◆ **Problem description**:
Establish the number of lines below that contain the string "องเก". State that number alone.

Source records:
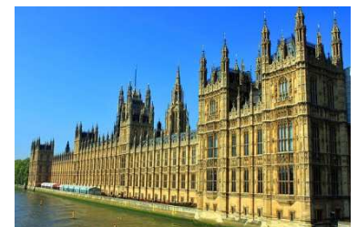
HOUSE OF PARLIAMENT, LONDON

HOLIDAY INN LONDON - BRENTFORD LOCK | IBIS LONDON WEMBLEY | setaraf
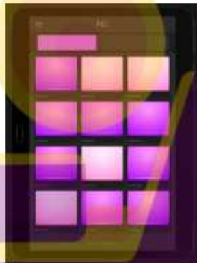
Gambar 2 Contoh Aplikasi Drum Pad 2 Electro Drum Pads 24
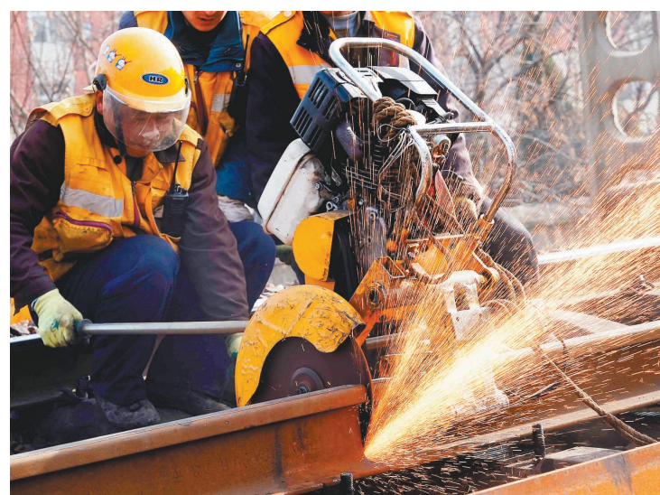
2月5日,中国铁路郑州局集团有限公司郑州桥工段的职工在切割钢轨。当日是农历大年初一,中国铁路郑州局集团有限公司郑州桥工段对陇海铁路郑州站北“咽喉”区一段85米长的钢轨进行更换作业。

春节假期,铁路设备管理部门职工坚守岗位,加强关键设备检查巡视,对有安全隐患的设备及时更换维修,确保列车运行安全通畅。
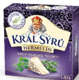
Kráľ sýrů Hermelín provensálské bylinky
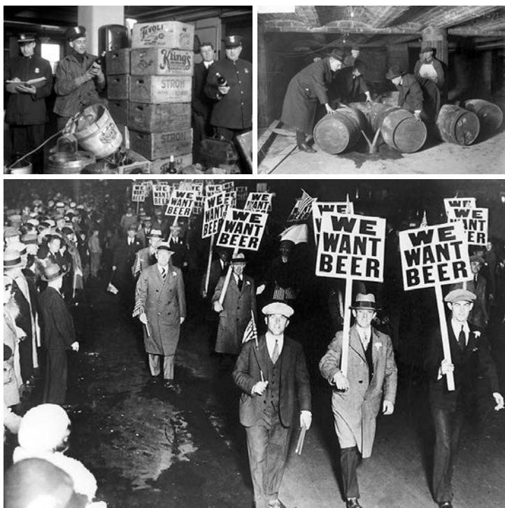
PROHIBICIJA: Plodno tlo za korene organizovanog kriminala

na njihovu teritoriju, morale su da traže saglasnost. Ako neka mafijaška organizacija želi da likvidira neposlušnog člana koji je pobjegao na teritoriju druge mafijaške organizacije, onda ga neće lično proganjati, jer bi to bilo ozbiljno kršenje teritorijalnih prava druge organizacije. Umesto toga zamoliće tu organizaciju da ubije člana koji je osuđen na smrt i koji se nalazi sada na teritoriji organizacije zamoljene da izvrši kaznu. Ona ima obavezu da taj zahtev izvrši, bez posebnog plaćanja ili zahvaljivanja, jer će jednog dana ona biti u situaciji da takvu uslugu traži od druge organizacije.
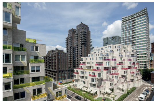
Summertime, 171 middenhuurwoningen, Amsterdam

Het tekort aan middenhuurwoningen in Nederland is sinds de wederopbouw na de Tweede Wereldoorlog ontstaan, omdat toen vanuit de overheid zwaar werd ingezet op eigen woningbezit (via de hypotheekrenteaftrek) en sociale huur (via woningcorporaties). De koop- en sociale huurwoningvoorraad zijn hierdoor de afgelopen decennia enorm toegenomen, ten koste van de middenhuurvoorraad. Omdat woningcorporaties sinds een paar jaar passend moeten toewijzen aan lagere inkomens, de prijzen van koopwoningen in veel steden enorm hard zijn gestegen en de hypotheeknormen steeds verder worden aangescherpt, is een groeiende doelgroep aangewezen op de middenhuur. De flexibilisering van de maatschappij draagt hier ook aan bij: huren wordt steeds populairder. De vraag naar middenhuur groeit harder dan het aanbod kan bijbenen, waardoor er nu een kwantitatief en kwalitatief tekort is.
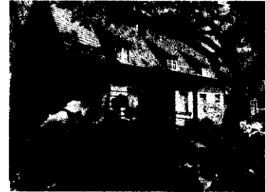
The Bowne House today

邦恩故居是本國保存最完好的盎格魯-荷蘭式民居建築例子，並且繼續佔據其原始位置。成為邦恩故居的建築框架始建於 1661 年，並在約翰·邦恩於 1669 年和 1680 年隨著他家族成員
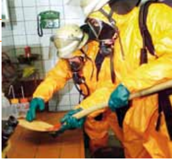
Feuerwehrleute während einer Simulation eines Laborunfalls im Landeskriminalamt Mainz, Rheinland-Pfalz, 2003
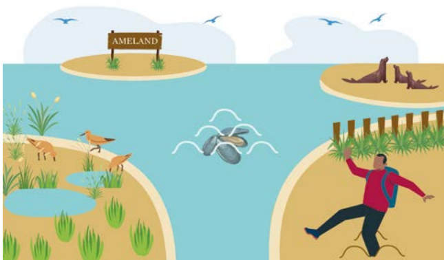
Onderdelen van het wad

in op het omgaan met verschillende risico's en calamiteiten op het Wad. Deze e-learning is gratis en vrijblijvend te doorlopen.
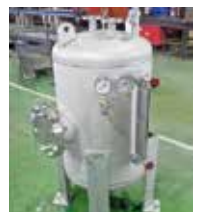
【ステンレスタンク】
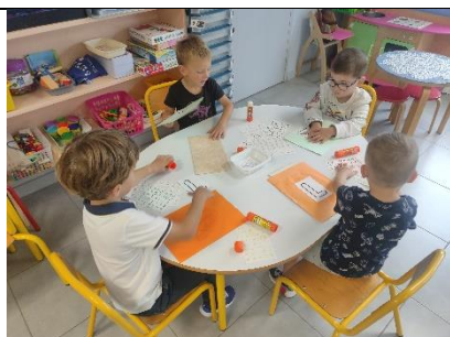
Retrouver son initiale
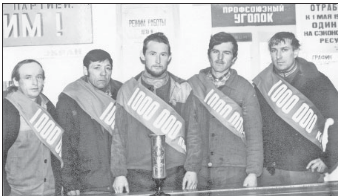
Работники Дальненского лесозаготовительного пункта.
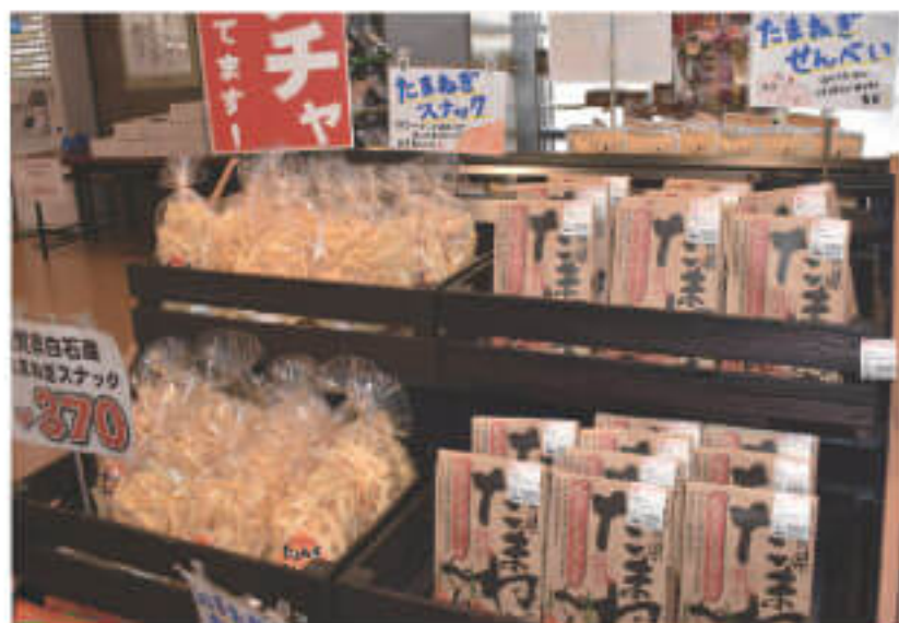
特産品のれんこんや玉ねぎを使用した 6次産品の数々は、どれも目を引くものばかり!

また、白石町といえば、地域の特産品を活かした6次産品が盛んなことでも有名。蓮根を用いた「れんこんかるかん饅頭」「根菜の濃縮パック」「レンコンチップス」や、玉ねぎを用いた「たまねぎせんべい」など盛りだくさん。老若男女問わず、誰もがお気に入りの一品を見つけられるはず!
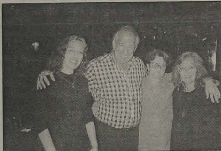
Em roda de amigos
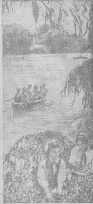
На Комсомольском озере.

Готовят кандидатские диссертации геологи тт. Г. М. Аладатов, А. А. Хлобистов, А. А. Воробьев и другие.
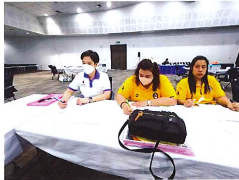
ภาพกิจกรรมที่ ๒ เครือข่ายม.ราชภัฏกำแพงเพชร
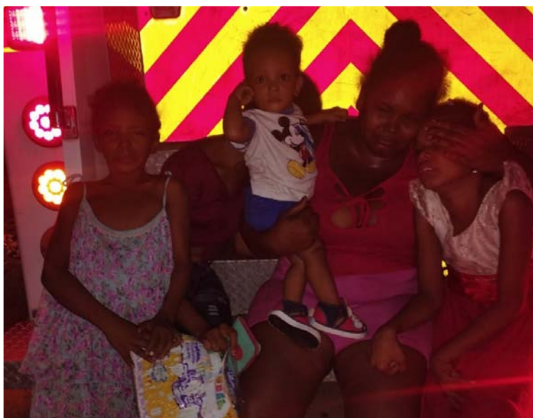
La conflagración ocurrió en la residencia ubicada en el barrio Villa del Rosario en el municipio de Villanueva.
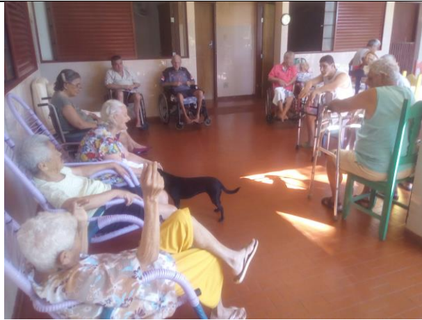
Atividade realizada em 13/04/2018 – FÁBULA DA FELICIDADE
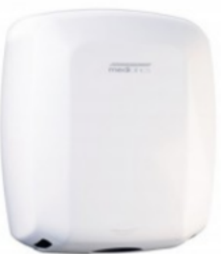
MACHFLOW HAND DRYER, WHITE

25.05 ლ Vialli თეთრი შეკვეთის მინ. რაოდ: 1 შეკვეთის მაქს. რაოდ: 20 ID: K.1
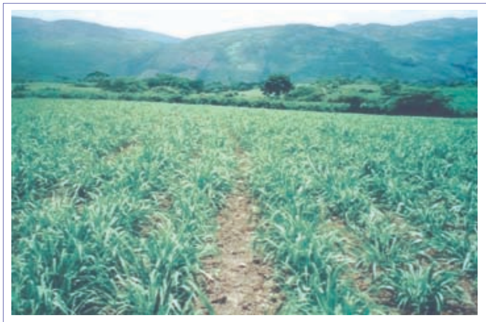
Foto 2. Cultivar Mulato 40 días después de sembrado en una finca en Sulaco, Honduras. Nótese el alto vigor y desarrollo de la planta.

Resultados de buen establecimiento del cv. Mulato se muestra también en el Cuadro 3, donde se ve que en menos de dos meses después de la siembra las plantas de esta gramínea alcanzaron un promedio de 80 cm de altura (rango de 40 a 110 cm) y 83% de cobertura (rango de 65 a 90%) en 5 fincas del departamento de Yoro en Honduras. Todas las siembras se hicieron a chorrillo y sobre surcos separados a 50 cm; las tasas de siembra por ha variaron entre 3.5 y 4.0 kg de semilla con pureza y germinación mayor a 80%. Las variaciones de altura de
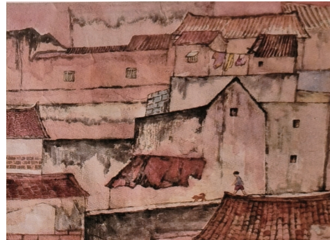
2.时隔多年后再次回乡,一路上家乡的贫瘠样貌让他心情沉重。
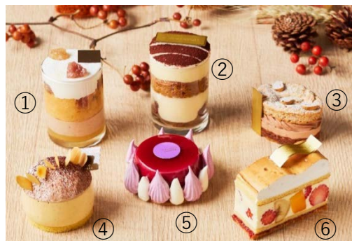
①サヴァラン マロン ポワール ④ブラリネ パッション ②ティラミス ⑤バシュラン カシス ③ダコワーズ シトロン ショコラ ⑥グエル

フレッシュのバナナ、苺、マンゴー、ラズベリーをヴァニラクリームとともにアーモンドのスポンジでサンドした「萌え断」なケーキ。
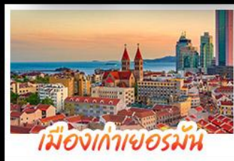
เมืองเก่าเยอรมัน

เมืองเก่าชิงเต่า - สลับกับเมืองโบราณหมิงสุ่ย เมืองเก่าเยอรมัน - ไรไวน์ฟางยู - สวนสตรอว์เบอร์รี่
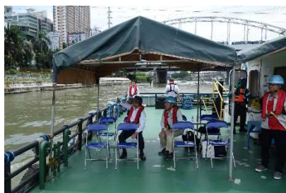
パッシング・マリキナ河川改修事業 （フェーズ3）

マニラ首都圏中心部の洪水被害軽減を図るための河川改修事業（円借款により我が国企業が受注・参画）や、今後耐震補強事業が予定される道路橋梁（我が国企業が参画見込み）を視察しました。
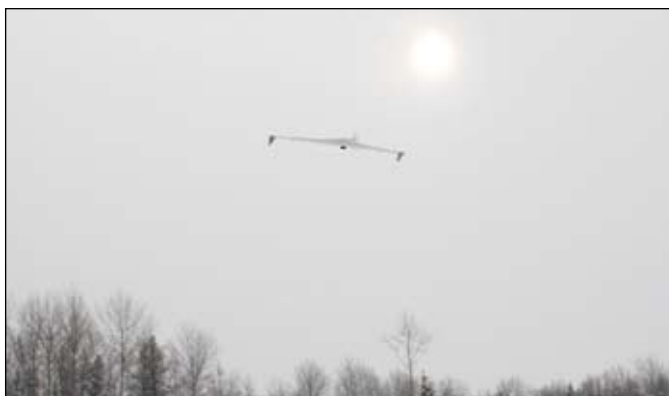
Специалисты Технопарка ТюмГУ проводят работы по мониторингу состояния трубопроводов в ООО «Газпромнефть-Хантос» при помощи такого современного летательного аппарата.
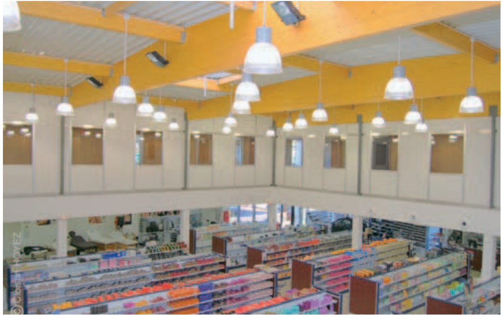
Cloisons pour réalisations de "salles grises" hors poussière.
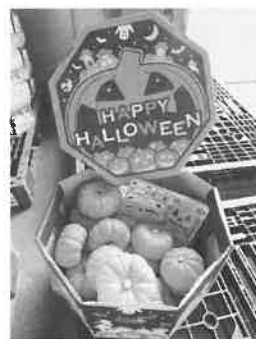
観賞用かぼちゃ 出荷
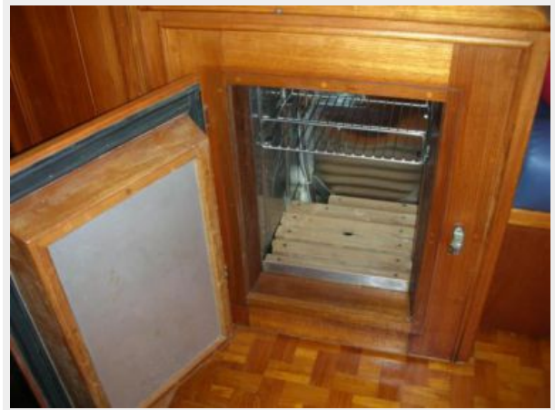
My Girls refridgeration
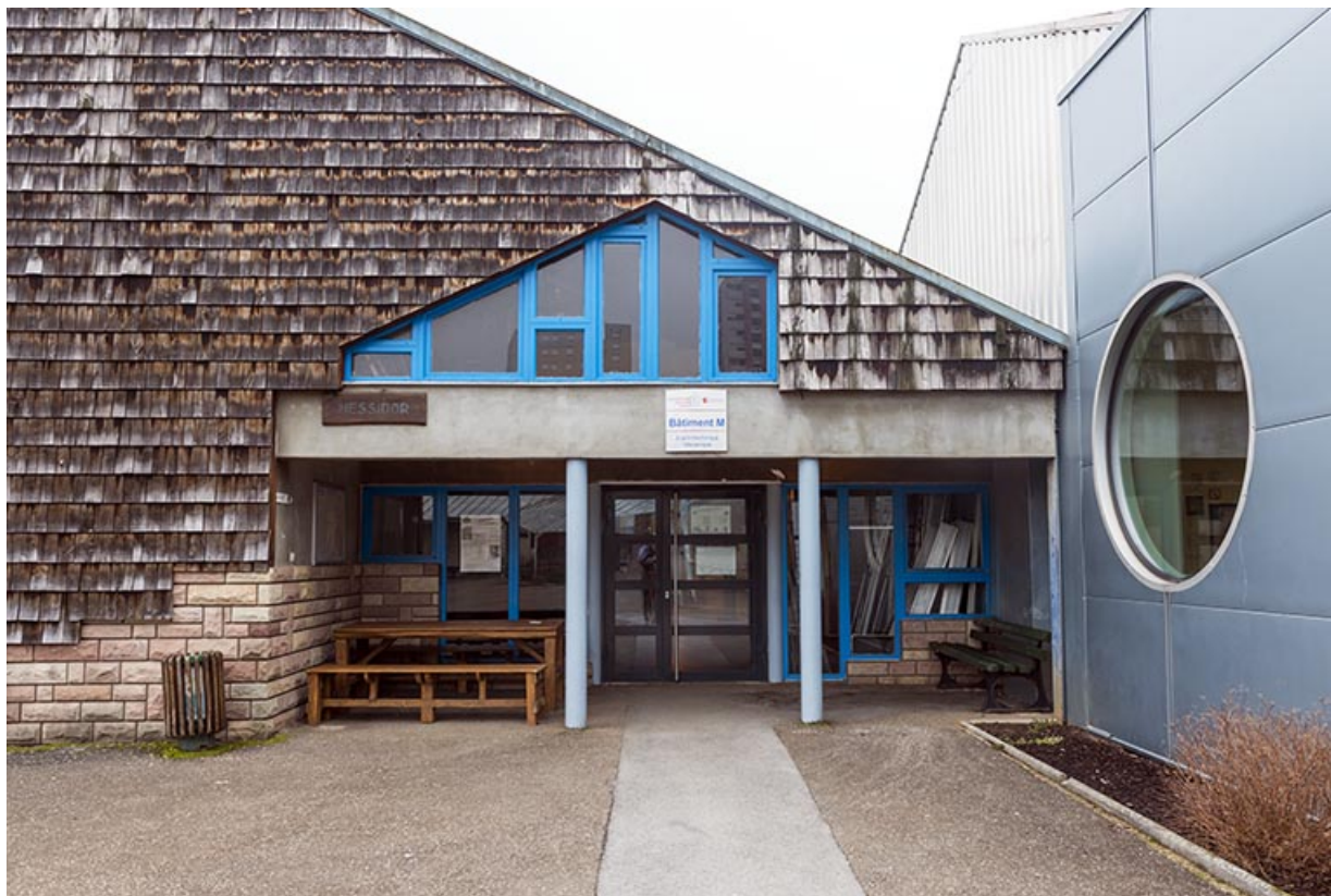
Bavilliers, lycée Denis Diderot : entrée de l'atelier messidor.
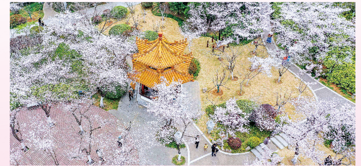
满园樱花如雪云霞。

本报讯(记者 王思恒)春风拂彭城,繁花次第开。近日,徐州市文化广电和旅游局正式推出“且徐行”春季赏花地图,以花为媒,全面整合全市春季赏花资源,为市民、游客打造出行指南。

◆ **Your response**:
2